The experience of Kodukant, the main Estonian organisation of local groups and communities working for the rural countryside

Rural topic(s): Civic engagement, local governance and dialogue, Development of rural territories

Type: Success story

Date of writing: May 15, 2009

Author(s) of this page: Marina GUEDON

Organization(s): Kodukant (the Estonian Village Movement)


Margus Vain, a board member for the Estonian Village Association Kodukant explains how the movement organises its members to make rural voices heard by national decision makers. He explains how the arrangement helps build better policies for those in rural areas, helping them live sustainable lives, to build networks and to look after the countryside.

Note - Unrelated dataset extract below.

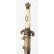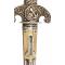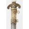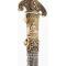 Dague de l'érection de l'obélisque de Louxor. En vermeil, nacre et or. Pommeau à cartouches, têtes de lion et trèfles, fusée en nacre cannelée comportant sur l'avers et le revers une plaque en or ciselé. Pièce de garde à l'antique, deux quillons courbes finissants par des trèfles. Sur le noeud de corps figurent les allégories de la marine (l'obélisque choisi par Champollion a été transporté par bateau le « Louxor ») ainsi que de l'artillerie (Pour les 350 artilleurs qui ont procédés à l'érection du monument). Lame droite type mamelouk dorée et ajourée au quart puis à pans creux et filet médian. Elle est marquée au talon « Queillé Fecit » (fait par Queillé) et la date « 1836 ». Fourreau en acier noirci offrant un décor géométrique à l'oriental. Deux garnitures en vermeil. La chape à deux anneaux figure d'un côté le dieu hermès assis à coté de l'obélisque et de l'autre la déesse prudence. Sur la tranche, un cartouche marqué « LA MARINE PROTÈGE LES ARTS ». Bouterolle ornée d'une gloire à l'antique. Longueur totale : 33,5 cm. Poids brut : 322 grammes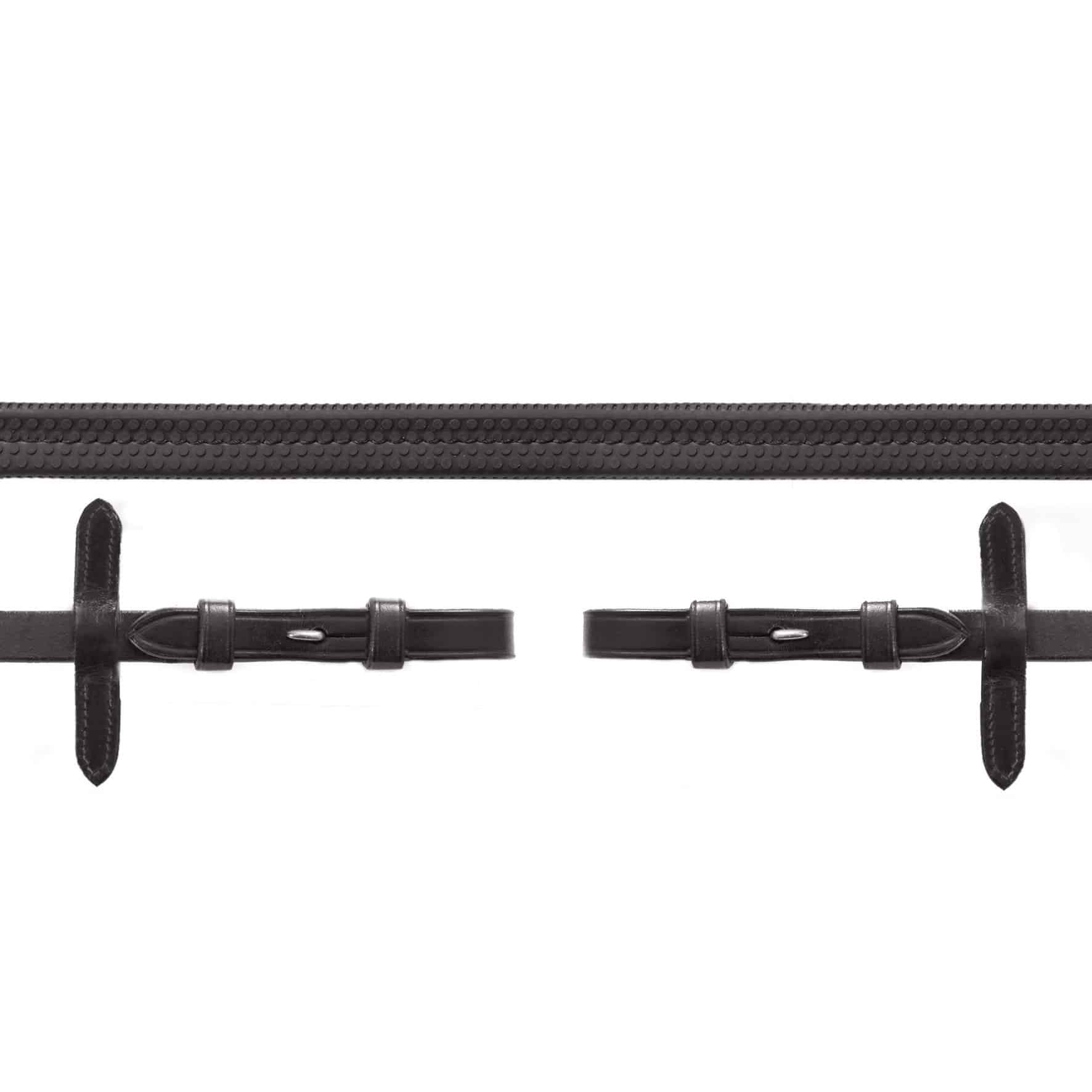 The Schockemohle Rubber Reins With Hook & Stud Fastening: Black/Silver are a pair of rubber reins in black flat leather with silver fixings and hook & stud style fastening to attach to the bit. Also available in brown.

Regional background and project objectives

Decades of occupation had left Estonian villages and rural people devastated. Structural changes in the transition from a central planning system to market economy had huge consequences for the structure of Estonia’s rural settlements with increased poverty, unemployment, limited growth of services and depopulation of rural areas The movement Kodukant started in late 1991, when some enthusiasts of country life from Estonia established contact with the national village initiatives in Sweden, called « All Sweden Shall Live ». The motivation was to improve the conditions in the countryside.

Initiators of the project, organisational form

Two counties, Viljandi and Rapla county, were selected as pilot counties, supported by their twin counties in Sweden as the pilot of “moving villages”, with the The Swedish Village Movement.

The success of the pilot projects soon became known among other villages in Estonia and several county organizations of village movement were registered as legal NGOs. The idea was taken to the government and parliament, making them realise that Estonian needed its own Estonian village development programme.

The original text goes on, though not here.